"La serata è quella delle grandi occasioni", penso mentre mi avvicino al locale osservando le numerose persone giunte anche da lontano coi pullman per ammirare una delle stelle del firmamento black metal, i Satyricon.
Fuori dal Transilvania Live di Milano si respira davvero un'aria frizzante... la tensione e l'emozione della gente è quasi palpabile. Le magliette dei ragazzi, i cori e le voci sono tutte per il gruppo di Satyr, uno dei più apprezzati nonostante gli ultimi, discutibili, due lavori. Anche dentro alla sala, tra una birra e un'altra, il pubblico è in fremente attesa.
Con notevole ritardo salgono sul palco i Khold, la band norvegese in assoluto più sopravvalutata. Il loro black è fatto di mid-tempo tutti uguali che non riescono a scaldare la platea con l'eccezione di un paio di fan nelle prime file... oltretutto caliamo davvero il silenzio sulla pessima immagine del gruppo e sullo scarso coinvolgimento che la loro esibizione è riuscita a trasmettere.
Approfittando di un'altra pausa decido di fare una visita al bagno del Transilvania, e proprio mentre testo l'ergonomicità del pisciatoio a muro sento l'inconfondibile voce di Satyr presentare l'esibizione con un paio di parole prima di lasciare posto alla musica. Corro fuori e mi sistemo abbastanza vicino al palco, notando con piacere che l'apertura del concerto è lasciata al classico "The Night Of The Triumphator", pur eseguita con un sound un pelino troppo moderno che mal mi fa presagire per la prosecuzione del live.
I miei dubbi diventano terribili certezze qualche minuto dopo, quando Satyr presenta Angstridden, una delle canzoni accettabili dell'ultimo Volcano: aaargghhh! I norvegesi si trovano terribilmente più a loro agio in questa nuova pelle, con i riff mastodontici e gli inserti di samples industriali su cui i quattro davanti si prodigano in un headbanging che trasmette energia ai ragazzi proprio lì sotto. Sulla voce di Satyr niente da dire, è sempre meccanica e tagliente come agli esordi; il problema è che più di una persona in quel momento ha avuto l'impressione che il taglio tra le due anime dei Satyricon fosse più netto di quanto avessimo pensato.

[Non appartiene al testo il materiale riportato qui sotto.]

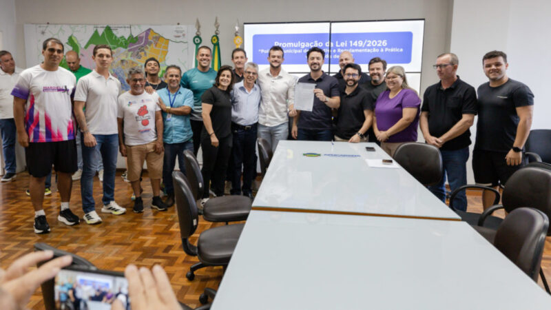 O prefeito Rodolfo Mota sancionou nesta terça-feira (20/01) a Lei Municipal nº 149/2026, que institui a Política Municipal de Incentivo às Corridas de Rua no município. De autoria dos vereadores Moisés Tavares (PP), Danylo Acioli (MDB), Eliana Rocha (Republicanos) e Odarlone Orente (PT), a legislação tem como objetivo estimular a prática esportiva, promover hábitos saudáveis e organizar o calendário de eventos ligados à corrida de rua na cidade. Ao assinar a lei, Mota destacou que a iniciativa fortalece a vocação esportiva de Apucarana e amplia políticas públicas voltadas à saúde preventiva. “Estamos organizando e dando segurança jurídica a uma prática que já faz parte da rotina da cidade. Corrida de rua é saúde, integração social e qualidade de vida”, afirmou o prefeito.

Ancora altre delusioni con "Nemesis Divina", eseguita velocemente e distrattamente come se fosse un favore nei nostri confronti suonare un brano dell'omonimo immortale capolavoro. Ed è a questo punto che saltano tutti gli equilibri: "Repined Bastard Nation", "Filthgrinder", "Black Lava" e altri due o tre pezzi di cui non so il titolo e che soprattutto non mi voglio ricordare, sono qui a ricordarci che oggi, nel 2003, i Satyricon non sono più il gruppo che molti di noi hanno conosciuto ed amato nel 1996 con Nemesis Divina, procedendo poi a ritroso con i vecchi album e demo invece che seguire l'evoluzione della band in avanti. Tutto qui, e il gruppo non ne fa un mistero visto che dopo la quarta o quinta canzone - e la decima volta che qualcuno dal pubblico urlava "Mother North", "Hvite Kriste Dod", "The Dawn Of A New Age" - Satyr è stato categorico nel ricordare a tutti che loro hanno una scaletta da rispettare e non possono accettare i suggerimenti del pubblico.
I norvegesi sono diventati un grande gruppo rock, una superband composta da elementi validissimi tecnicamente (Frost è inumano come al solito) con una presenza scenica ottima, ma che trasmette zero emozioni, almeno per quanto mi riguarda. Meglio averlo capito subito, e meglio che se ne siano accorti altri eterni ingenui come me che hanno fissato sbigottiti tutta l'esibizione con uno sguardo a metà tra il deluso e l'incazzato, piuttosto che implorare Satyr per tutto il concerto di suonare due miseri pezzi e ritrovarsi con "Hvite Kriste Dod" e soprattuto "Mother North" stuprate da un gruppo che ormai non ha più voglia di suonarle.
Nonostante la qualità sonora non troppo esaltante, e tutti i dubbi che ho espresso sopra non posso negare che il concerto sia stato comunque interessante: purtroppo ora i Satyricon vincono i Grammy Award... e di "The Shadowthrone" o "Dark Medieval Times" non gliene frega più niente.